At the same time, the unusual circumstances for Japan’s heavy industries have brought them some unlikely allies: labor unions, the core backers of the DPJ. “As far as the issue of environment is concerned, we are in a complete agreement, though we would not act physically together,” says Miyamoto. Rikio Kozu, general secretary of the 250,000-member Japan Federation of Basic Industry Workers’ Unions, seems as frustrated as anyone in Keidanren over Japan’s obligations under the Kyoto Treaty. “We have the world’s top-level energy-efficiency, but even so, we will have to bear the burden of buying credits,” says Kozu of the massive purchases in carbon offsets Japan may have to shoulder. “That money could have been spent on our plants and wages.” Atsushi Uchida, general secretary of the Federation of Electric Power Related Industry Worker’s Unions, is similarly concerned. Uchida says his 210,000 members will consider staging an action if the details on greenhouse gas targets are not agreeable.

Growing Momentum, Growing Debate

Meanwhile, momentum is building on the policy front. The administration has set up project teams to discuss measures it hopes will help reduce the country’s greenhouse gas emissions, such as an emissions trading scheme and a comprehensive incentive program for renewable energy. And the Environment Ministry has recently proposed introduction of an environmental tax worth nearly 2 trillion yen a year that would help pay for the costs of meeting new targets resulting from Copenhagen and later talks. In the past, Keidanren and other business interests have successfully resisted these measures, and opposition remains strong. On December 7, nine major industry groups – including steel, cement, oil, chemical, and electronics –joined together to oppose any new carbon tax, arguing that it would damage what is already the world’s most energy-efficient economy. The young DPJ government will face major challenges trying to enact such ambitious reforms. Tetsunari Iida, executive director of the Institute for Sustainable Energy Policies and a member of the government’s climate task force, is hopeful but not without a caveat. “Implementing these far-reaching schemes will require an enormous commitment by a professional team,” he says. These projects, he points out, fall under the jurisdiction of the METI, which remains an unwilling party on climate change. And the Environment Ministry is not influential enough to lead. “The crucial question,” he adds, “is whether the Prime Minister’s office can become the commander’s office.”

This much seems certain: the shifting political currents in Japan have lessened the once formidable impact of Keidanren, and raised troubling questions about who exactly it represents. Among its members are not only major greenhouse gas emitters but also numerous companies that deal directly with consumers — and some of these firms are keen to take advantage of new opportunities in green businesses and to promote their green image. Such breaks within the business community may help explain why Keizai Doyukai, a group of top executives from about 900 large corporations, many of them also Keidanren members, proposed in May emissions cuts much more ambitious than those backed by Keidanren.
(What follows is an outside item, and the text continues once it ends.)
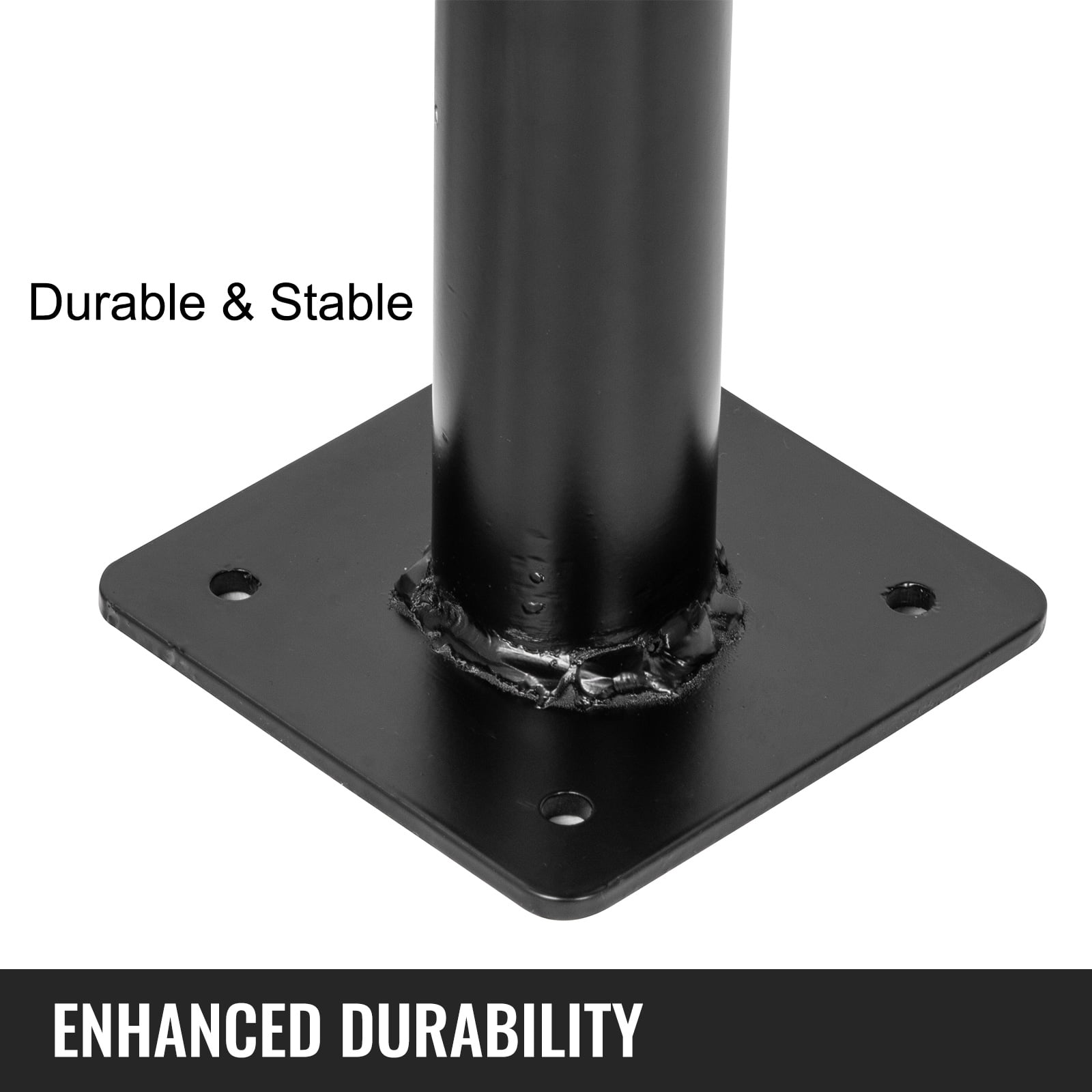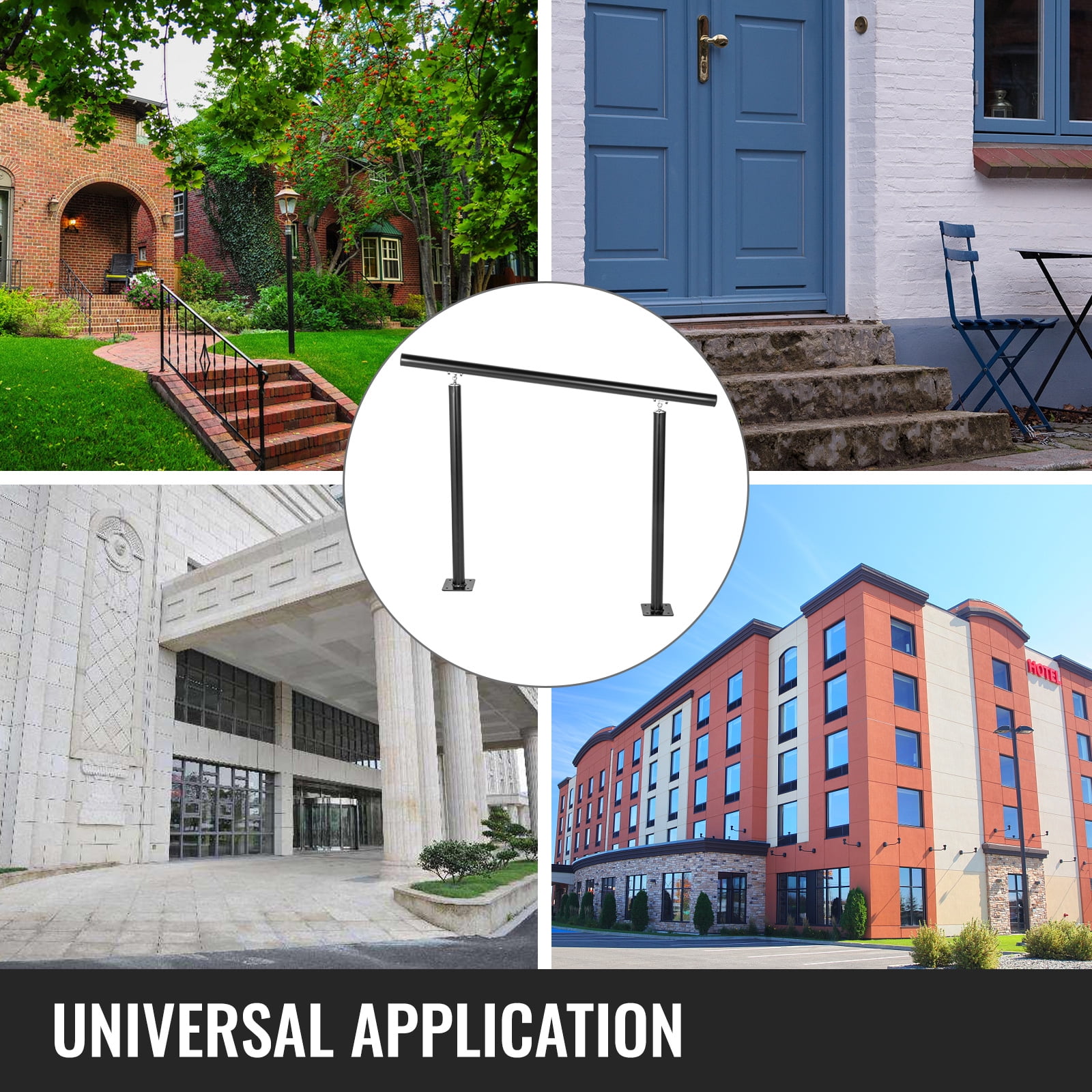 Brand Introduction VEVOR is a leading brand that specializes in equipment and tools. Along with thousands of motivated employees,VEVOR is dedicated to providing our customers with tough equipment & tools. Today, VEVOR has occupied markets of more than 200 countries with 10 million plus global members. Why Choose VEVOR? 1.Tough Quality Assurance 2.Fast & Secure Delivery 3.30-Day Free Returns 4.24/7 Professional Customer Service Product Description 34″ Black Outdoor Handrail The black outdoor handrail features an aluminum circular tube and iron base, which is rust-proof, wear-resistant, and rock-solid. It can be changed in a range of 0 to 60 degrees. The product can be widely used for home, office area, etc. The comprehensive set includes an internal hexagonal wrench and eight sets of M6 expansion bolts. Solid Construction The outdoor handrail is made from aluminum & iron material, which is water-proof, scratch-proof, anti-corrosion, and anti-rust. The circular tube has a diameter of 1.9 inches with a thickness of 2 mm. Transitional Handrail The universal stainless joint is designed to be used in flat or on an angle not exceeding 60 degrees. You can change appropriate angles as you need to fit different steps. Enhanced Durability The iron base is well-made and durable. Base Size: 5 x 5 x 1/4 inches; There are four holes to fix the handrail on the ground, making it more stable. Create a safe environment when going up or downstairs. Easy to Use It is hassle- to assemble according to the included instruction. The product with paint spraying can be cleaned easily by water. It also features high comfortableness to reduce your fatigue. Super Value Set The stair handrail is equipped with an internal hexagonal wrench and eight sets of M6 expansion bolts. The whole kit of accessories can help you finish the installation quickly. Universal Application The design of the handrail is beautiful and stylish. It is suitable for the needs of different outdoor and indoor scenes. It can be used to decorate an outdoor garden, residential building, company, hotel, etc. Specifications Color: Black Material: Aluminum/Iron Item Length: 4 ft/121.9 cm Height: 34″/86.4 cm Range: 0~60 degrees Tube Thickness: 2 mm Tube Diameter: 1.9″/4.8 cm Item Weight: 6.2 lbs/2.8 kg Package Content 1 x Black Handrail 8 x M6 Expansion Bolt 1 x Internal Hexagonal Wrench 1 x User Manual
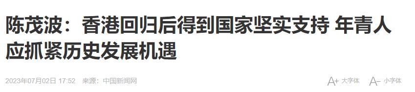 信息来源:《陈茂波:香港回归后得到国家坚实支持 年青人应抓紧历史发展机遇》,中国新闻网,2023年7月2日。

The debate is still heating up in Japan, and the public will soon hear more from the Hatoyama administration, as well as from the business community. Ultimately, the fate of Japan’s new climate change policy rests with how effectively the DPJ can win public backing. With critics becoming more vocal, they will have plenty of work to do: Hatoyama and his allies must convince fellow Japanese that their ambitious plan can help save the planet while not wrecking their economy.

Akiko Kashiwagi is a Tokyo-based free-lance journalist and an associate of the International Consortium of Investigative Journalists. ICIJ member Mitsuhiro Yoshida contributed to this report.